* _What you have to do_
From the listing below, reproduce exactly the lines starting with the one with "Sea and mountain views" and going on through the one with "LOT 345 Rock 'n' Pop - Tricilo Filly", both ends kept. No picture is copied.

──────── Task input

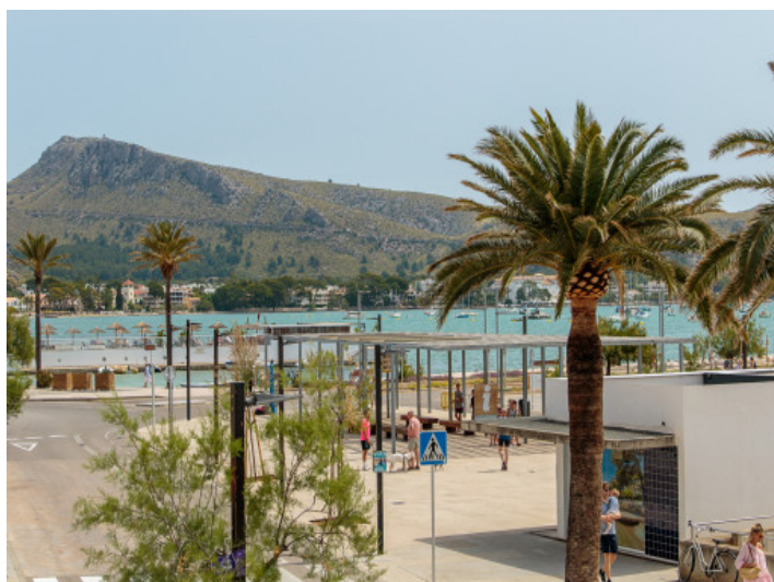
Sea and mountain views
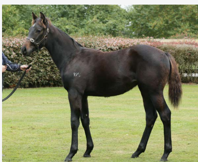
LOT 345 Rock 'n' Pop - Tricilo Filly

────────────────
──────── Task input

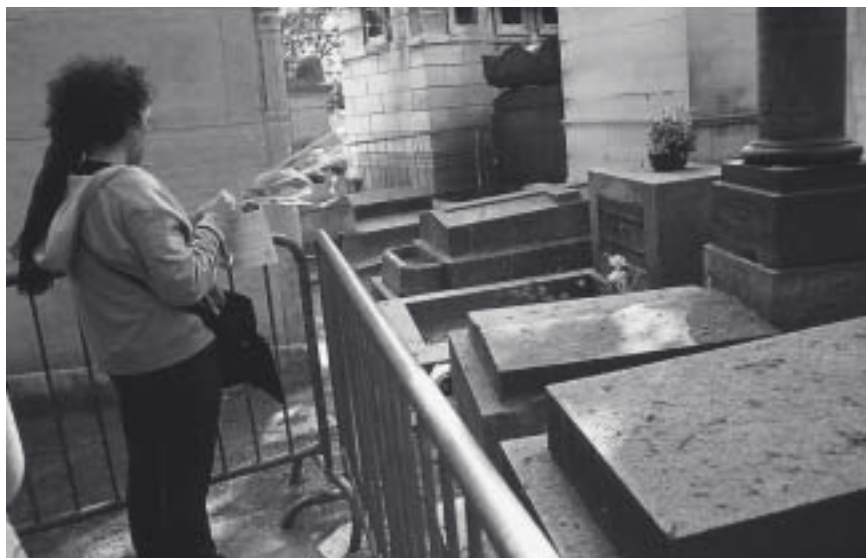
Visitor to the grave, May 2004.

────────────────

* _Written solution_
Sea and mountain views
LOT 345 Rock 'n' Pop - Tricilo Filly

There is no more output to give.